[Source records]
• • • • • • •

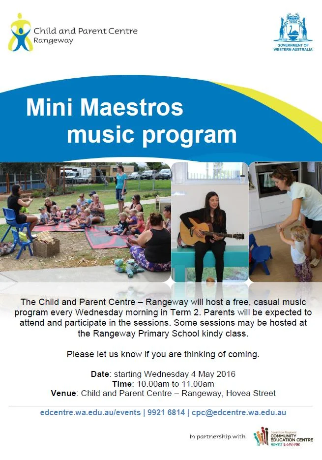 Starting week 2, Term 2 - every Wednesday morning at the Child and Parent Centre - Rangeway: Mini Maestros music program!
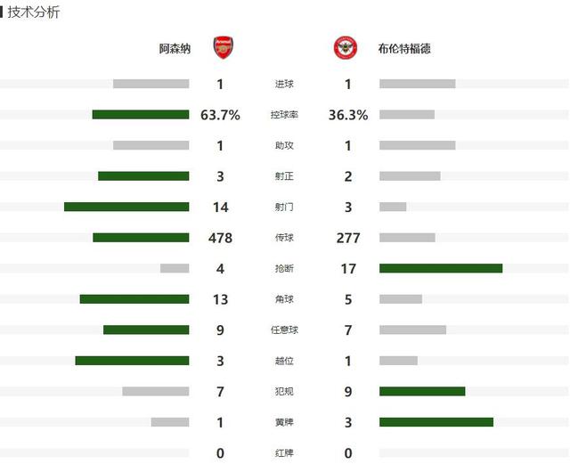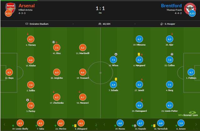 在这场比赛中,两队在上半场都没有取得任何成就。在下半场,赖斯独自骑行助攻托马斯打破了僵局。然而,萨维很快背对着球门侧钩追平了比分。 90 阿森纳主场打了几分钟, 1-1 与布伦特福德握手言和。
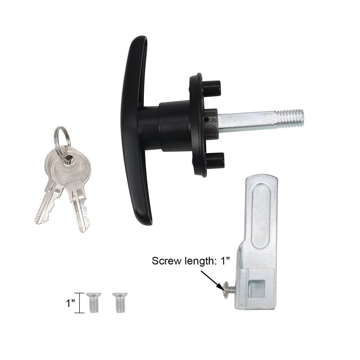 This T-Handle Lock kit for Truck Door is well-designed, compact, and has a clean, attractive look.The T-handle RV door lock is very easy to install. Mounting screws are included. The surface is smooth and bright, and feels comfortable in your hand. The keyed alike black RV garage door lock is easy to lock and unlock. Easy to lock and unlock. Recommended for anyone who needs a replacement T-handle lock.
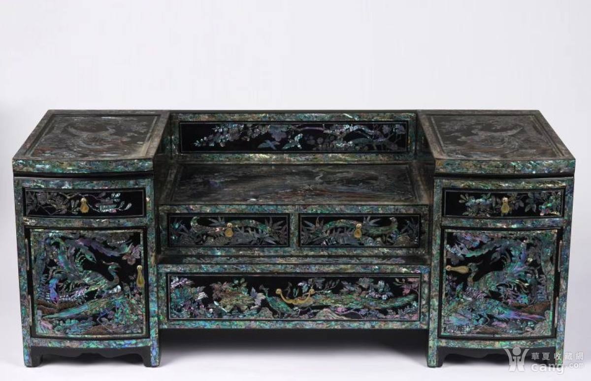 创汇时期木胎大漆嵌彩色螺钿花鸟纹平柜
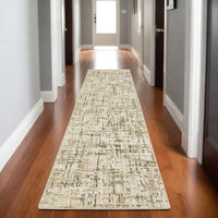 Add some artistry to your room with this 8-foot ivory abstract power loom runner rug. This runner shaped rug features a abstract design in ivory to give it visual interest. A classic shape marries with good looking design for your space the coloring of this rug adds a delightfully neutral tone to your home and will easily match with most any decor. Ideal for spaces with kids and pets, this rug is stain resistant to help repel stains and spilled liquids. Area rugs help to give warmth and sense of home to your space. 26.77-inch H x 92.52-inch W x 0.39-inch D
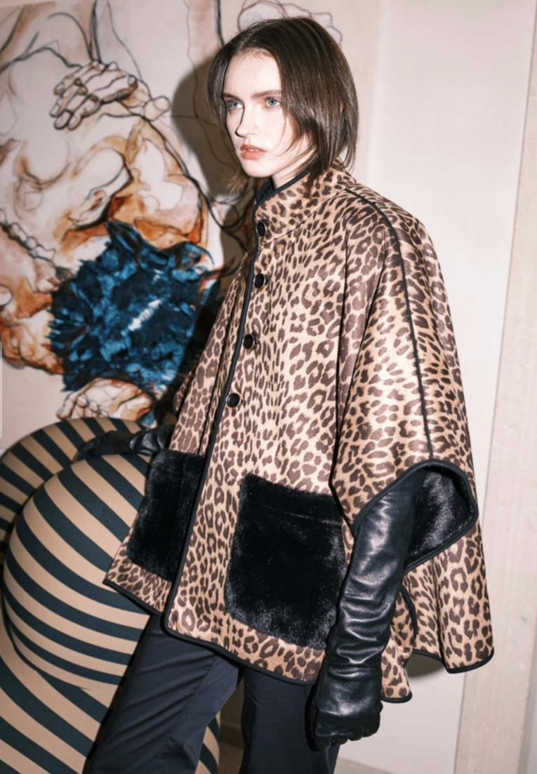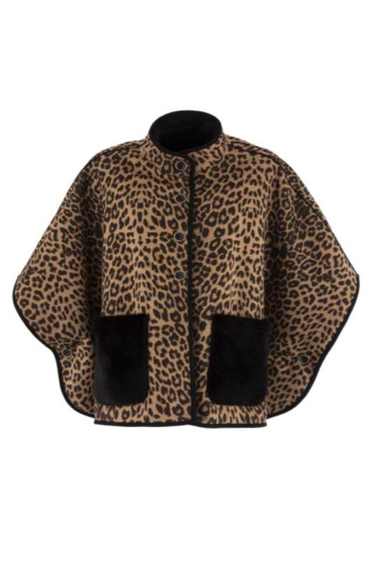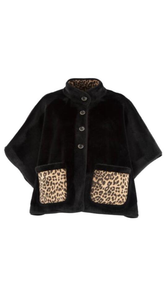 Esta capa reversível une ousadia e elegância num só look. De um lado, o estampado animal print traz atitude e personalidade, enquanto os bolsos em pelo preto acrescentam um toque de sofisticação e textura. Do outro, um acabamento liso e minimalista em preto, perfeito para visuais mais discretos ou para equilibrar coordenados mais arrojados.

• • • • • • •

DIRECTIONS FOR THIS TASK:
Repeat every record above exactly. The pictures do not belong in the copy.

SOLUTION FOR THIS PROBLEM:
 Starting week 2, Term 2 - every Wednesday morning at the Child and Parent Centre - Rangeway: Mini Maestros music program!
 在这场比赛中,两队在上半场都没有取得任何成就。在下半场,赖斯独自骑行助攻托马斯打破了僵局。然而,萨维很快背对着球门侧钩追平了比分。 90 阿森纳主场打了几分钟, 1-1 与布伦特福德握手言和。
 This T-Handle Lock kit for Truck Door is well-designed, compact, and has a clean, attractive look.The T-handle RV door lock is very easy to install. Mounting screws are included. The surface is smooth and bright, and feels comfortable in your hand. The keyed alike black RV garage door lock is easy to lock and unlock. Easy to lock and unlock. Recommended for anyone who needs a replacement T-handle lock.
 创汇时期木胎大漆嵌彩色螺钿花鸟纹平柜
 Add some artistry to your room with this 8-foot ivory abstract power loom runner rug. This runner shaped rug features a abstract design in ivory to give it visual interest. A classic shape marries with good looking design for your space the coloring of this rug adds a delightfully neutral tone to your home and will easily match with most any decor. Ideal for spaces with kids and pets, this rug is stain resistant to help repel stains and spilled liquids. Area rugs help to give warmth and sense of home to your space. 26.77-inch H x 92.52-inch W x 0.39-inch D
 Esta capa reversível une ousadia e elegância num só look. De um lado, o estampado animal print traz atitude e personalidade, enquanto os bolsos em pelo preto acrescentam um toque de sofisticação e textura. Do outro, um acabamento liso e minimalista em preto, perfeito para visuais mais discretos ou para equilibrar coordenados mais arrojados.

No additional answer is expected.